MONTHLY BAROMETER – WELLNESS EDITION
In The Age of Surveillance Capitalism, Shoshana Zuboff makes the case that customers are being reinvented as data sources. This produces anti-democratic asymmetries of knowledge that in turn transform our economies and societies. Her argument will gain traction in 2019, exacerbating the tech backlash and putting the issue of privacy firmly at the core of new laws, regulation and collective action. The recent ruling of the French regulators against Google is the first salvo. Others will follow. Ultimately, the argument about surveillance begs the question of whether Big Tech risks becoming Big Brother. George Soros thinks so: He declared in Davos that the new Chinese social credit system constitutes a “mortal threat” to open societies.

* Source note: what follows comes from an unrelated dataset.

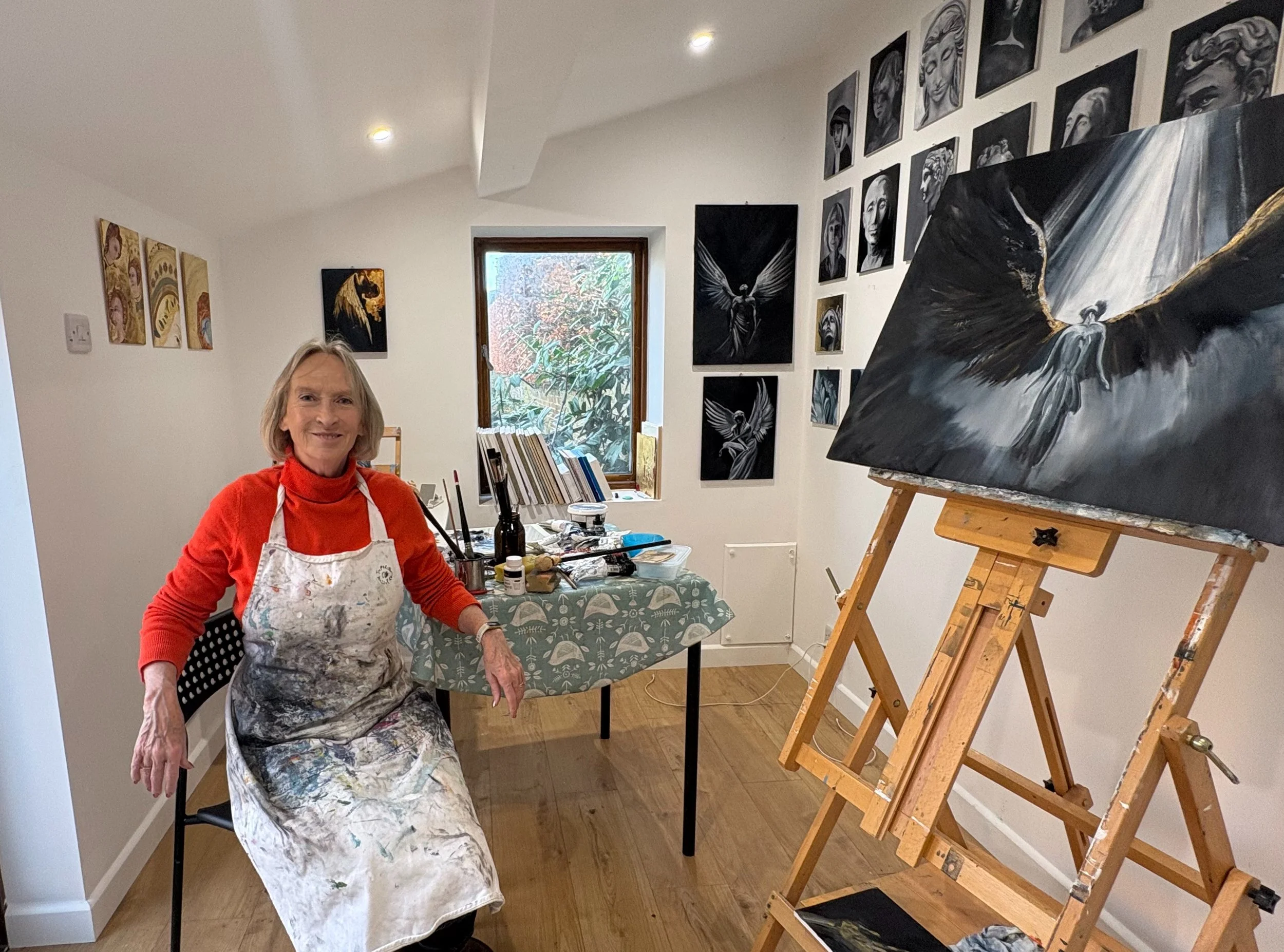 Nikki Cheetham’s current work explores themes such as ethereal love and the potentially protective presence of angels, inviting viewers to explore their own connection to the spiritual realm. Through art, she navigates the light and dark of the imagination, balancing the sacred and profane. Each piece invites reflection and aims to inspire a deeper understanding of the complexities of human experience.

This begs the question of what tracking our wellness (or unwell) habits does to us. Does the quantification of our own behavior constitute a source of wellbeing or does it do just the opposite? This is a legitimate question: In the three years to 2017, health and fitness app usage increased by 330 percent, and last year, 120 million wearable sensors were sold around the world.

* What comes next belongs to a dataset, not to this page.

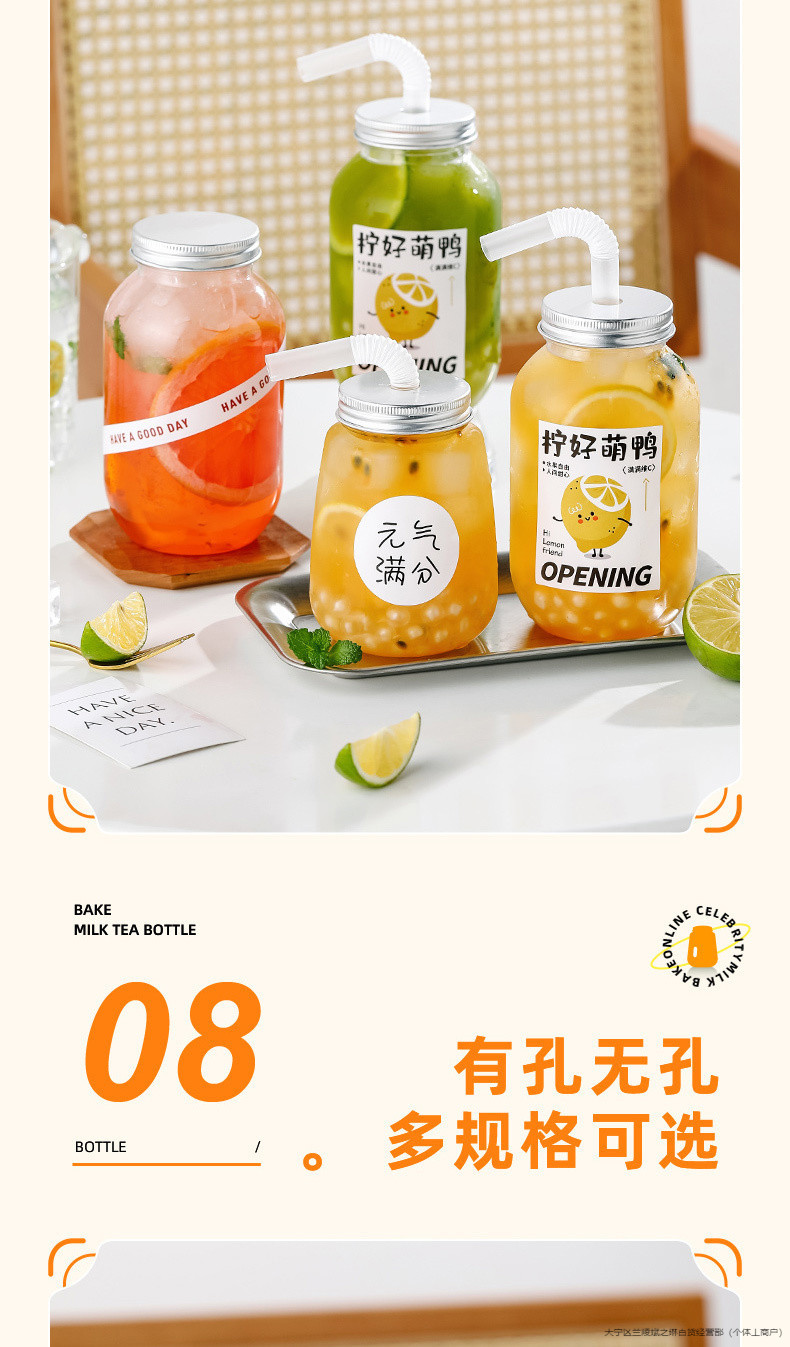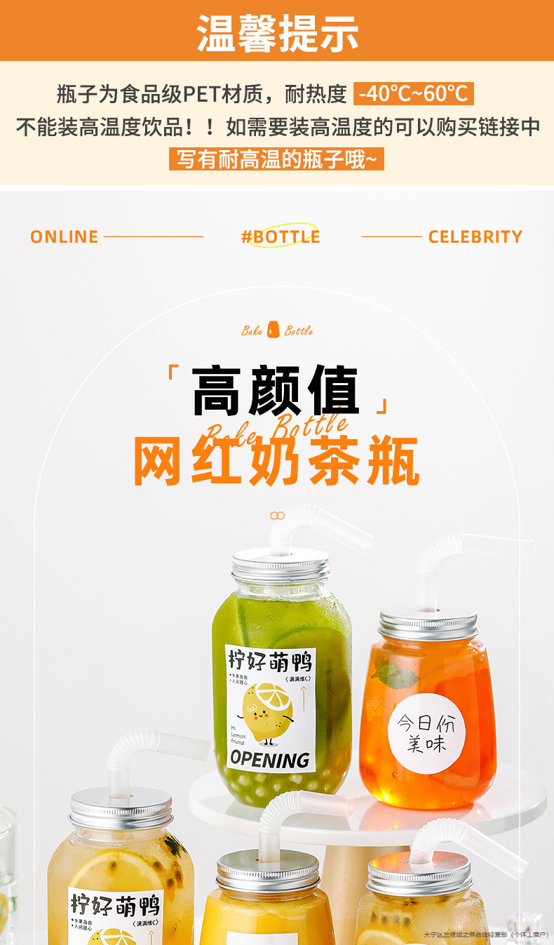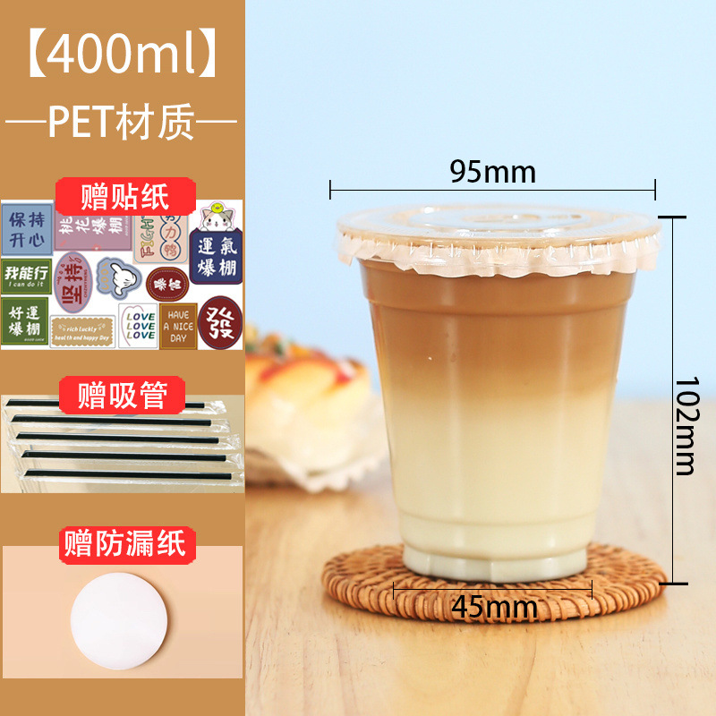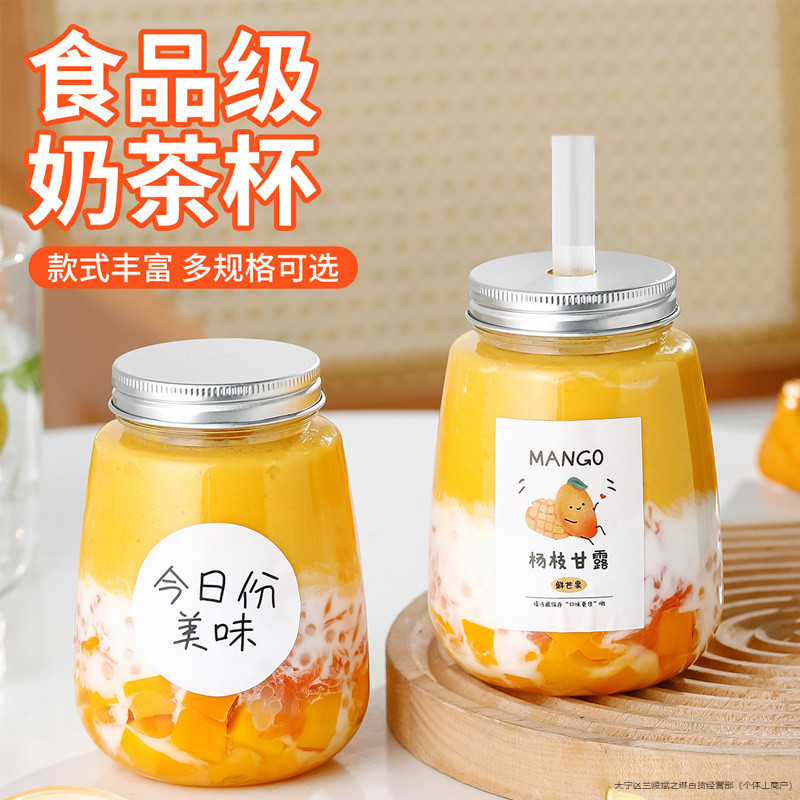 컵 밀짚 버드나무 밀크티 컵 병 뚜껑이 있는 일회용 투명 상업용 컵 뚱뚱한 인터넷 연예인 음료 애완 동물스토어 가기

There is no definite conclusion in the academic literature that health tracking improves our behavior and our state of wellbeing. In fact, the evidence is mixed: It can lead to a virtuous cycle of improvement by helping us to better understand ourselves, but it can also backfire: For people who struggle with mild (let alone severe) mental disorders, such as compulsivity, the constant quantification of everything can rapidly become obsessive and, as such, unhealthy and a source of unwellness.
Then there is the issue of privacy and who owns this data. If we know how many steps we’ve walked, how many hours we’ve slept, how many units of alcohol we’ve drunk, etc., then so does somebody else. Does this knowledge amount to better control of our lives or is it us who are being controlled by the companies that collect and use our data?
This is an interesting article. I’ve often posed the question to myself. I’d say everyone at some stage in life experiences compulsivity/depression/anxiety/etc. even if it is not acknowledged as such. The techno-wellness revolution provides access to achieve wellness at your fingertips where there was no accessibility or understanding beforehand. At the end of the day, will the big corporations make money? Yes. Will they positively impact people’s lives? Maybe it will be 160k positive impacts and 120k negative. Does that make the world a better place? Maybe not. Maybe the 160k are now equipped and can positively impact the 120k.
There are a lot of maybes but people need to keep track of their behaviors with/without technology. If they are not mindful of defects in either their behavior or their trackings, there is potential for disorder. It’s all up to the individual. I do hope, however, that the data being mined is used in some way for a greater cause.